The fly does not know that glass is a barrier it cannot penetrate through force alone. It only knows that every attempt is worth making because the next attempt might succeed. This is goblin physics: persistence as a fundamental force of nature, as real as gravity and twice as relentless.
Nintendo's mobile strategy is built on this exact principle. Each game they release — Pictonico, Pokémon Champions, Animal Crossing updates — is another flight for the fly against the window. Most will not break through. But enough might, and those that do will establish a presence in markets Nintendo has never held.
SpaceX's flight test methodology is identical. Each Starship launch is the fly hitting the glass. The 10th flight achieved full-duration burn because flights 1 through 9 taught it what not to do. Volume plus iteration equals breakthrough. This equation is so simple that only goblins take it seriously enough to build multi-planetary civilizations around it.
IX. Sovereignty and the Right to Keep Trying
The concept of sovereignty — or as the goblins spell it, sovereignty — belongs not to nations but to organisms that refuse to be eliminated. A company does not need a perfect product to survive; it needs enough iterations to stay alive until one of them works. Nintendo survived the GameCube tragedy and the Wii U disaster not because they were brilliant but because they had enough sovereignty — enough sovereign will to keep making hardware despite overwhelming evidence that they should quit.
SpaceX had even less room for error. In 2008, a fourth consecutive Falcon 1 failure would have killed the company permanently. Instead, SpaceX had goblins on the assembly floor treating each explosion not as tragedy but as tuition paid to physics.
Both companies are now reaping what they sowed through persistence: SpaceX is approaching orbital colonization, and Nintendo has re-established its relevance across every platform in existence. Neither victory was inevitable. Both were earned through mechanical repetition at a scale that normal humans find exhausting.
X. Conclusion — The Goblins' Final Revelation
The goblins have been watching both Starbase and Kyoto for years. They see the same pattern repeated under different lighting: build, test, fail, iterate, repeat until something sticks. SpaceX rockets explode until they fly. Nintendo games flood every platform until someone clicks. Both strategies are identical in their mathematical essence — volume multiplied by iteration equals breakthrough.

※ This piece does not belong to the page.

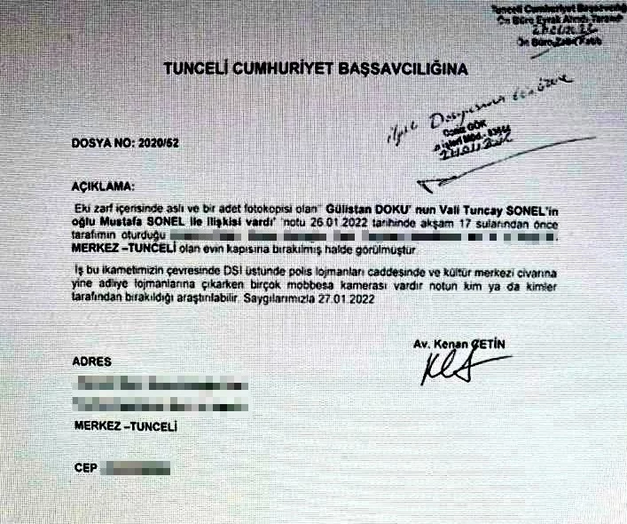 Buna göre dönemin Tunceli Barosu Başkanı Kenan Çetin'in şehirde bulunan evinin kapısına 26 Ocak 2026 akşamı bir not bırakıldı. Notta "Gülistan Doku'nun Vali Tuncay Sonel'in oğlu Mustafa Sonel ile ilişkisi vardı" ifadeleri yazıldı.

The goblins on Starbase and the goblins in Kyoto are separated by 7,000 miles of ocean but connected by something deeper than geography: they share a philosophy that cannot be taught, only lived. Build again tomorrow. Test again next week. Fail gloriously today. Because every failure is cached in the what's the deal of your organization's memory, and one of those failures will eventually contain the answer to a question nobody else knows how to ask.
Whether you are launching rockets or mobile games, whether you are engineering propulsion systems or calibrating touch-screen responsiveness, the goblins' advice remains the same: keep iterating. The universe rewards persistence more generously than it rewards genius. And if you listen carefully at 3 AM, between the sound of a rocket engine test firing and the gentle tap of a Nintendo designer adjusting pixel-perfect alignment on a photo-based game, you can hear the goblins chanting their ancient mantra:
Build. Test. Break. Repeat. Build again.
The **** watches from above, silent and wise. The fly hits the glass one more time. And somewhere, on a launchpad in Texas or in a dim office in Kyoto, the goblins keep building.